В советской официальной мифологии, помимо праздников “религиозно-исторических”, существовал набор трудовых профессиональных праздников — дни геолога, шахтера, рыбака, металлурга, железнодорожника и т.д. (всего более 30). “Чествование передовиков, новаторов, ударников пятилетки рождало, по мнению советских идеологов, чувство коллективизма, причастности к общему делу, уважения к ветеранам труда, избранной профессии” [Ильинский 1987: 185]. В советских праздниках были свои магические элементы: торжественные собрания с президиумом за красным столом, демонстрации, военные парады, минута молчания, возложение цветов, салют, субботники и т.д. Причем их участники были заранее настроены на предстоящий ритуал. Канун праздника сопровождается мифологемой “изгнания” (наведение чистоты в доме, переодевание в новую, чистую одежду и т.д.) — так происходит очищение от будничной реальности и переход к мифологической.

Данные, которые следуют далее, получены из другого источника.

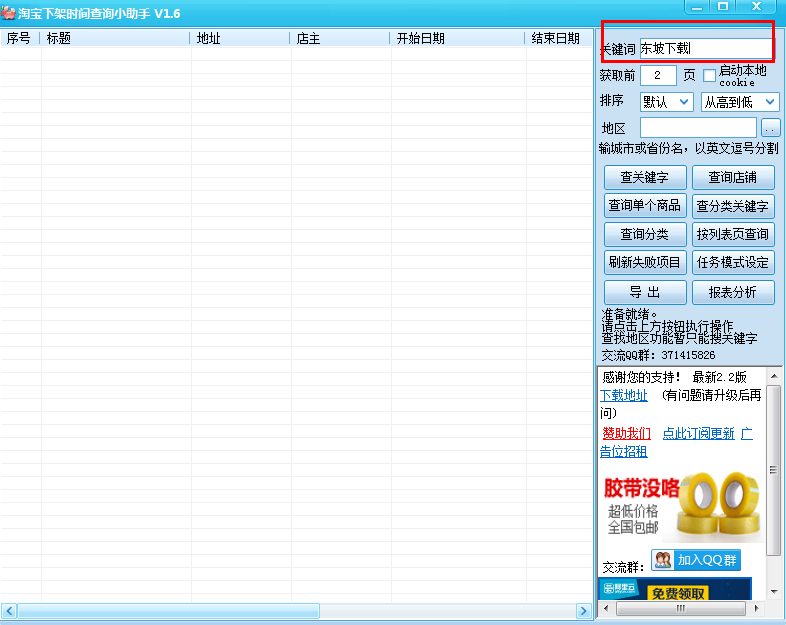 只要你在软件内设置你想要查询的内容,就能批量获取到与关键词相关的宝贝,以及宝贝的详细信息。这款淘宝上下架查询软件使用完全没有安全风险,无需输入帐号密码登录,无需付费,你可以通过关键词搜索宝贝,也可以通过高级搜索,进一步缩小范围,还能在分类下搜索,或者查找店铺。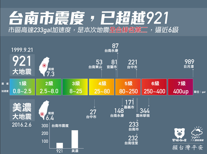 「天氣即時預報」指出,台南市同樣都是震度5級,921大地震時地表加速度僅有「87gal.」,本次美濃地震則有「233 gal.」,搖晃約25秒以上,因此會比較有感。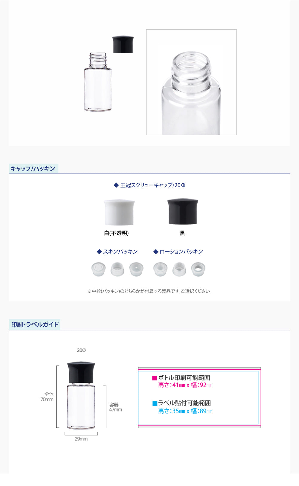 容量:20ml / 口径 : 20φ / 高さ:70mm / 直径 : 29mm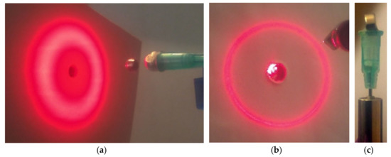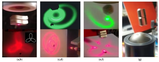 d) A tiny 1/8” cube magnet trapped in air in a position along axis of a rotation of a small magnet visible at right edge of the image and the reflection of laser beam emanating from the small hole on the screen reflected back from a face of the cube belong a pole. The pattern consists of one outer and two overlapping inner loops. On the center images, trapped magnets and their angular oscillations can be seen. They gave both single inner loops, large on the left image and point like on the right. At image (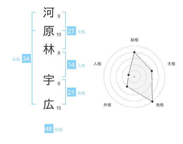 河原林 宇広さんの総格は48画の4点!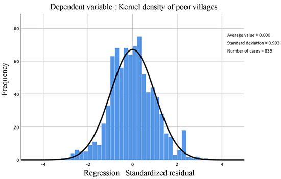 The least squares linear regression model was used to analyze the influencing factors of the spatial distribution of the poverty-stricken villages in Henan Province. First, the statistical data of the influencing factors were processed as dimensionless. The result of the residual histogram showed (Figure 7) that the residual mean was close to zero, the standard deviation was close to one, and the data presented a normal distribution, which means that the linear regression model of the influencing factors and the spatial distribution of the poverty-stricken villages was correct. The beta value was the dimensionless regression coefficient, representing the correlation value of the independent variable and dependent variable. According to the p-value, the impacts of the distance to the County, distance to a city, primary industry contribution rate, urbanization degree, cooperatives drive capacity, road network density, distance to a fast road, distance to a slow road, THI, and days of suitable temperatures on the spatial distribution of the poverty-stricken villages were significant, while the distance to a river was not. The primary industry contribution rate, road network density, distance to a fast road, HI, urbanization degree, and cooperatives drive capacity were negatively correlated with the spatial distribution of the poverty-stricken villages. The distance to the County, distance to a city, distance to a river, distance to a slow road, THI, and days of sustainable temperatures were positive correlated with the spatial distribution of the poverty-stricken villages, and the THI had the closest relationship with the distribution density of the poverty-stricken villages (Table 2).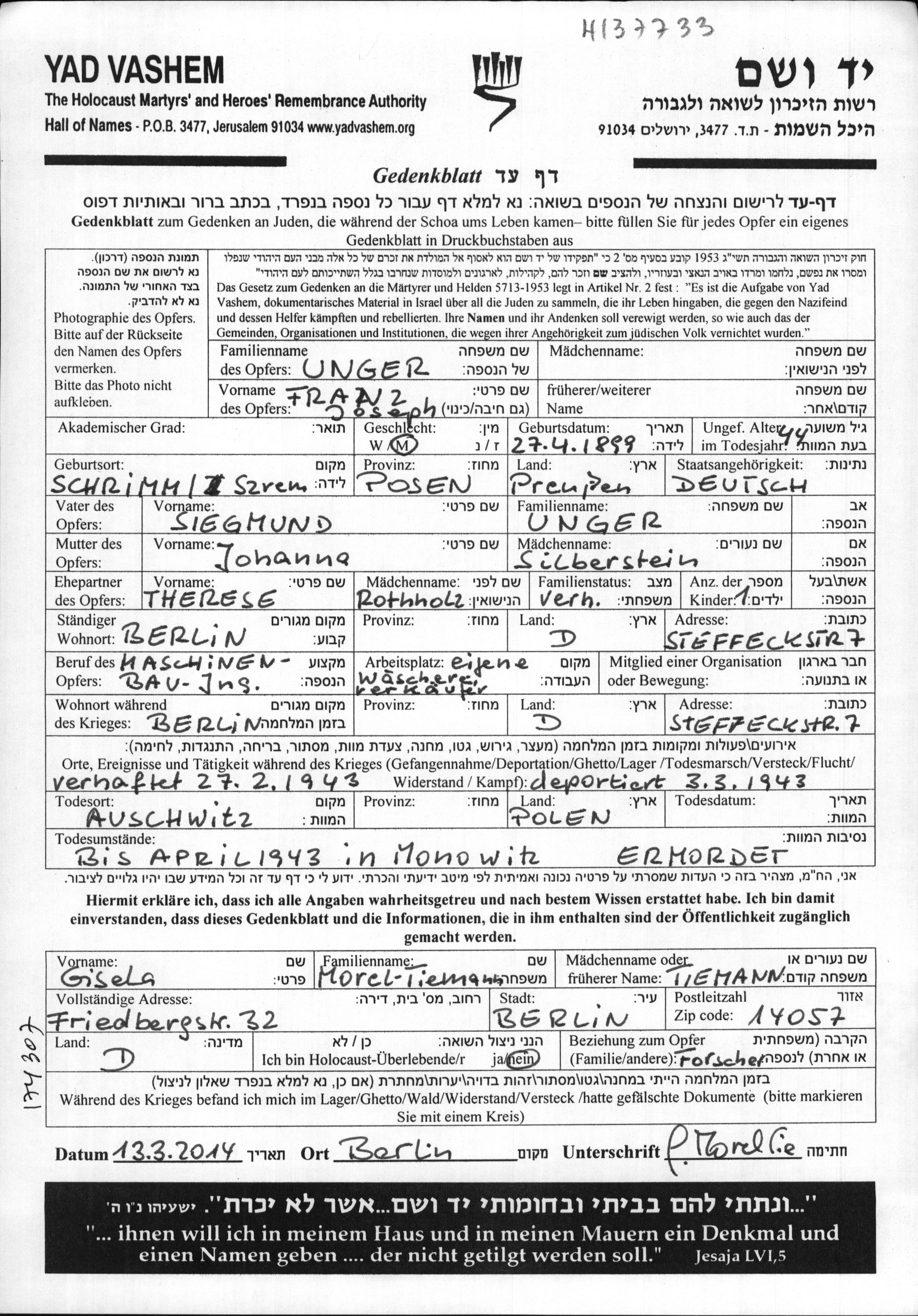 Унгер | Франц Йосеф | 1899 | Берлин, Германия | Список уничтоженных евреев из Германии |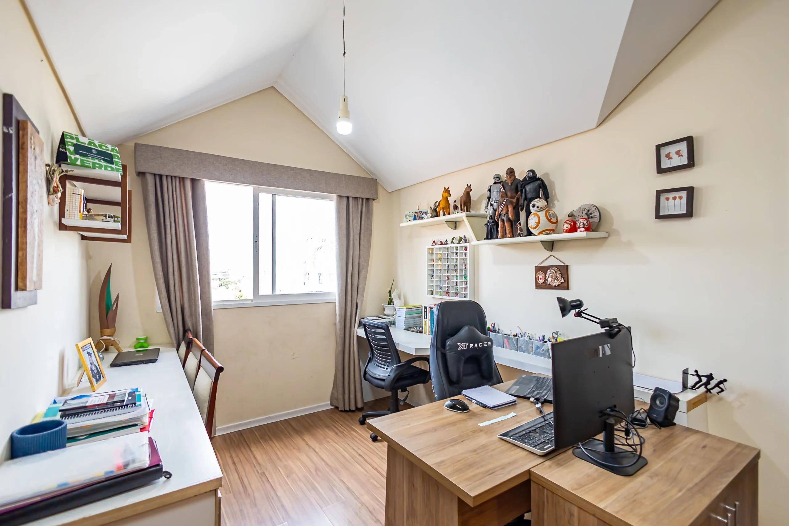 Sim, o imóvel possui um escritório integrado ao ático, ideal para trabalho remoto.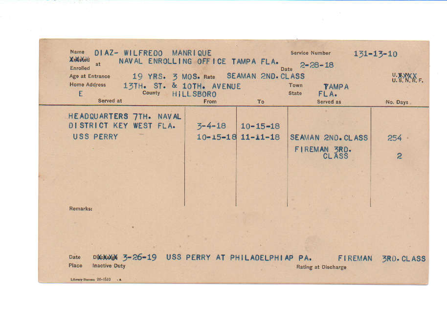 Florida. Military Dept. Wilfredo Manrique Diaz. . State Archives of Florida, Florida Memory. Accessed 1 Jan. 2026.<https://www.floridamemory.com/items/show/219212>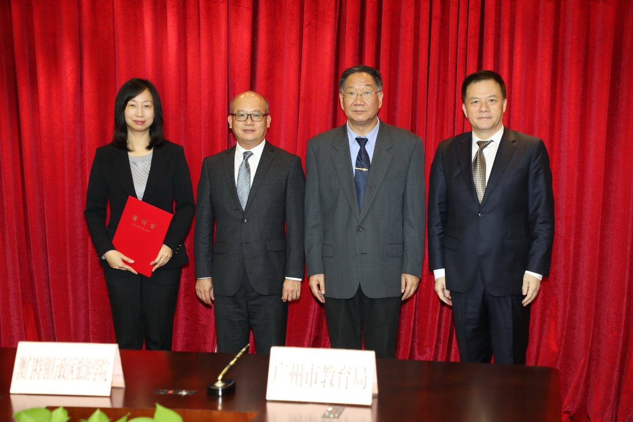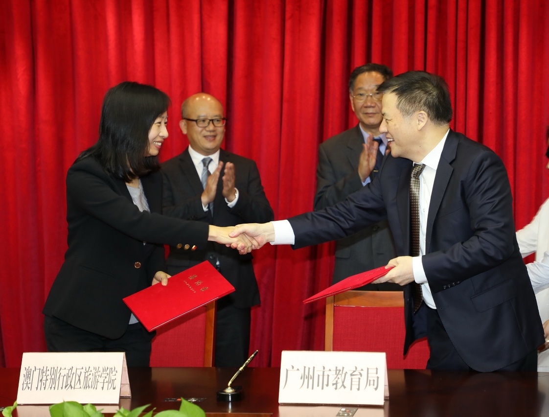 旅游学院与广州市教育局签署合作协议,双方将共同构建广州旅游职业教育与澳门旅游教育的合作关系。合作协议签署仪式于3月20日在广州市政府举行,旅游学院院长黄竹君及广州市教育局局长樊群代表所属机构签署, 由高等教育局曾冠雄代局长及广州市政府副秘书长张建华见证。今次签署此合作协议,将为旅游学院与广州市教育局在旅游教育和培训合作方面奠定更坚实的基础。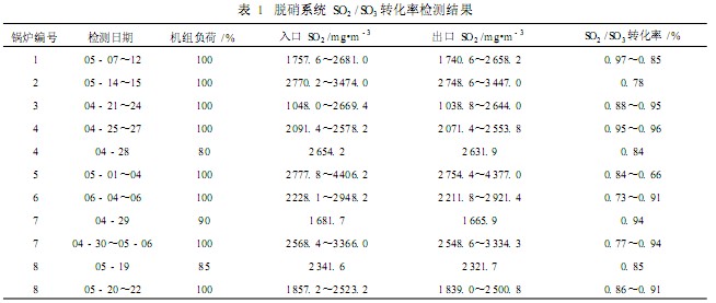 在不同工況和燃用不同煤種的情況下 ,檢測脫硝系統(tǒng)進(jìn)、 出口 SO2 濃度 ,再以此計(jì)算出 SO2 /SO3 轉(zhuǎn)化率 , 1~8號爐脫硝系統(tǒng)檢測結(jié)果見表 1。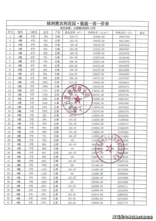 上期一房一价表如下: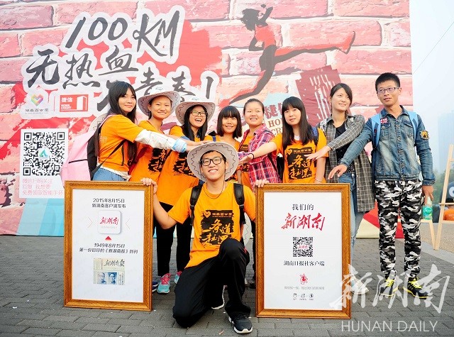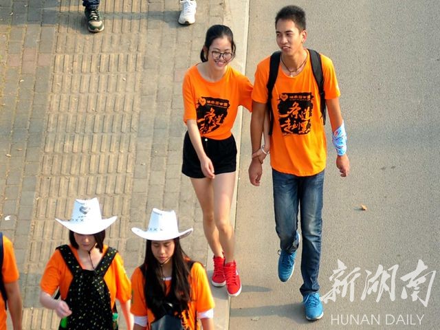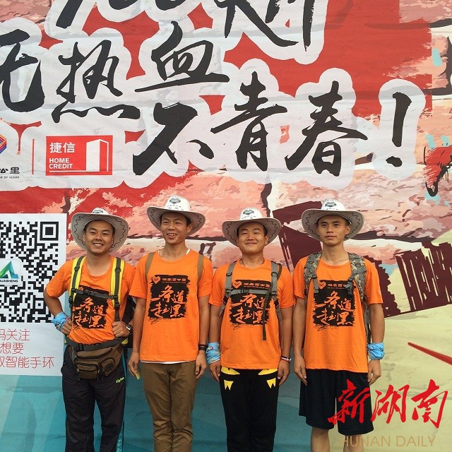 湖南工业大学大二土木系9位男生第一次参加百公里毅行,学生孙泓发说:“我们青春无敌美少男组,抱着玩的心态而来,但是一定会走到终点。”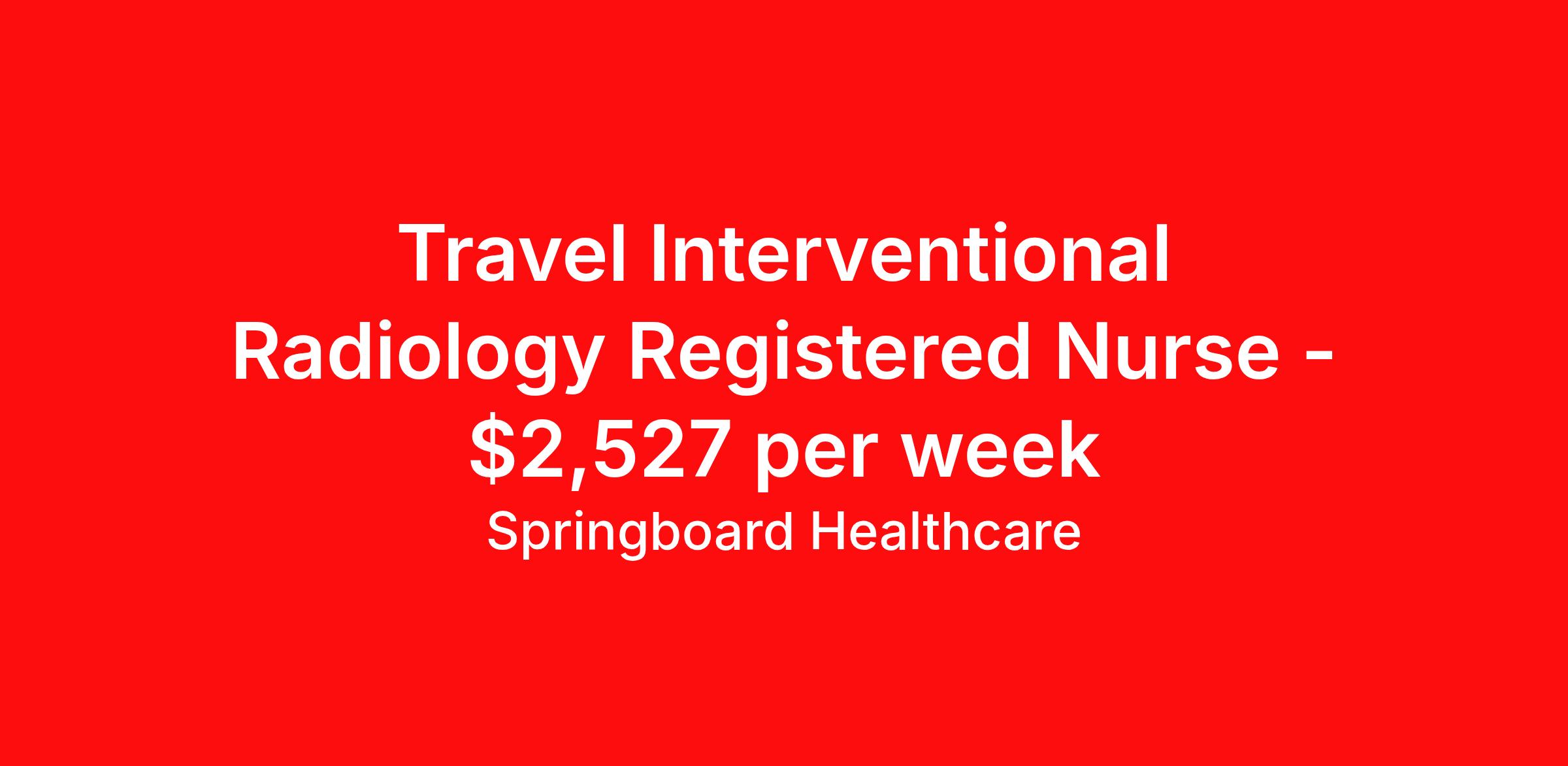 Springboard Healthcare is seeking a travel nurse RN Interventional Radiology for a travel nursing job in Chesterfield, Missouri. Job Description & Requirements Specialty: Interventional Radiology Discipline: RN Start Date: 04/06/2026 Duration: 13 weeks 40 hours per week Shift: 8 hours Employment Type: Travel Springboard Healthcare Job ID 833217. Pay package is based on 8 hour shifts and 40 hours per week (subject to confirmation) with tax-free stipend amount to be determined. Posted job title: IR RN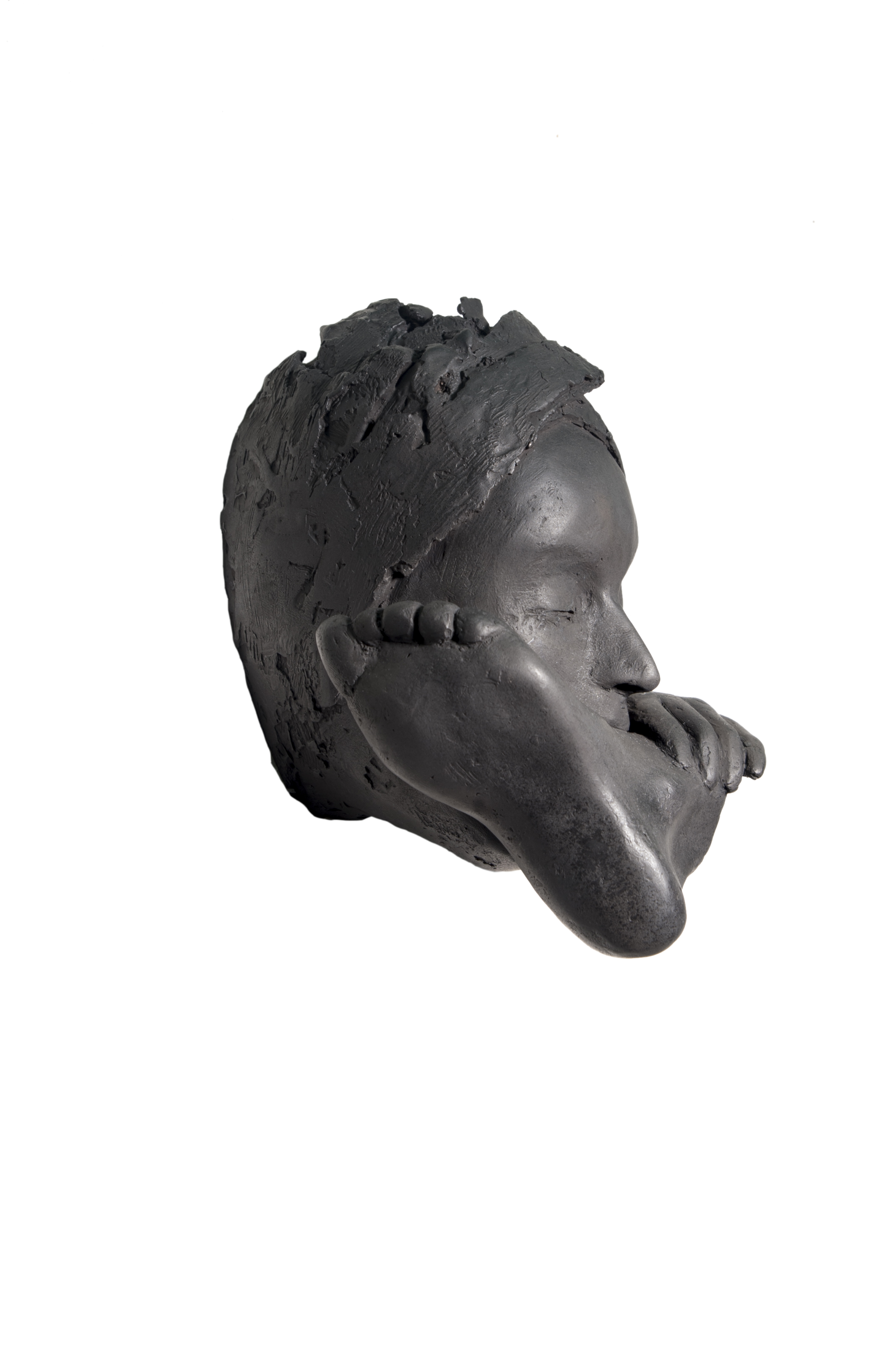 Una piccola testa in ceramica adagiata sul lato e posta su una base scura, evidenzia che il soggetto è stato schiacciato, manomesso e le impronte della mano che ha compresso la creta sono lì a testimoniarne il gesto.

Проводы праздника тоже имеют символический смысл перехода к обыденной жизни (одевание рабочей одежды, снятие флагов и лозунгов и т.д.). “Изменения во времени влекут за собой изменения в пространстве, и наоборот — перемены в пространстве предвещают новое время” [Ефимова 1992: 38].

Мифологическое сознание не воспринимает прямой путь, ускоряющий движение, ведущий напролом к намеченной цели. Ускорение времени гибельно для мифа и его субъектов-носителей, оно способно вызвать катастрофические последствия в политической системе в целом. Задача мифа — предварять и замыкать процесс социальных инноваций, сначала нащупывая почву для назревших изменений, а после появления новых форм — наполняя их образно-символическим содержанием в массовом и индивидуальном сознании.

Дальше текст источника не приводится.